1. It integrated with Moodle which we already use. That way if a student had an account in Moodle already, they could us the same username and login to get started using Elgg. The two would be linked giving more flexibility for blogging in Elgg but keep the Learning Management System of Moodle.

2. We were having more and more teachers wanting to blog and I was/am trying to find away to keep all those blogs in one place. We had 5th graders using Blogmeister, Middle Schoolers using their own WordPress installs, and another teacher using Edublogs. I wanted to try and find away to put all the blogs from the two campuses in one location and allow the students from both campuses the ability to interact with each other, comment to each other, and join communities with each other.

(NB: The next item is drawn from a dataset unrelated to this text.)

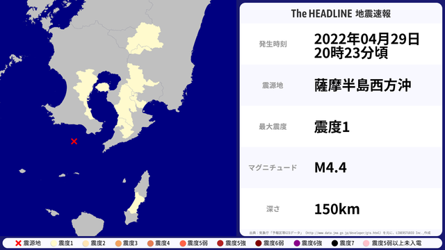 04月29日20時23分頃、薩摩半島西方沖を震源とするマグニチュード4.4の地震が観測された。最大震度1を観測したのは、宮崎県・鹿児島県。

As much as I love the concept behind Elgg it’s been frustrating to work with. Not two days after the first class signed up with it we started getting an error message on our shared hosting site. It kept saying we were exceeding 20% of the CPU memory. I’ve trying to find an answer for this, send a number of e-mails, and posted it in the elgg.net community only to find out others have been having this problem as well. After 2 months of this happening and because it sits on the same site as our Moodle install and the error knocks Moodle down for awhile, I’ve decided to change.

Then there is the community thing. I love the idea, but in a school setting the administrator needs to have more control over those communities. You can’t delete them once they are created and anyone can create a community. In my opinion the admin interface needs a little more work, being able to quickly find users to reset passwords and such.

I know it’s still in beta and I take full responsibility for jumping out there with a program that isn’t fully developed yet…but oh the pain.

So, I’m in the process of setting up a WordPress MU site. I’ve been working with WordPress for over a year now and understand the coding a little bit. It also just has a bigger community, so answers are easily found within the MU support forum. Just a quick look through the support forums shows that edublogs own James Farmer has done a lot of work and continues to help WordPress MU become even better.

Now I’ve got to get my teachers away from using group blogs. They are having a hard time trying to figure out how to manage 70+ blogs. Instead they create 4 blogs and make every student a contributor to that blog. Which you can do, except that you have to add users one by one and only the admin can do it. So 1 1/2 hours later we have our first 72 users. Hopefully I can start getting teachers away from this group blogging format and into a individual blogging mode and really allow students to become creators and contributor to the world of knowledge.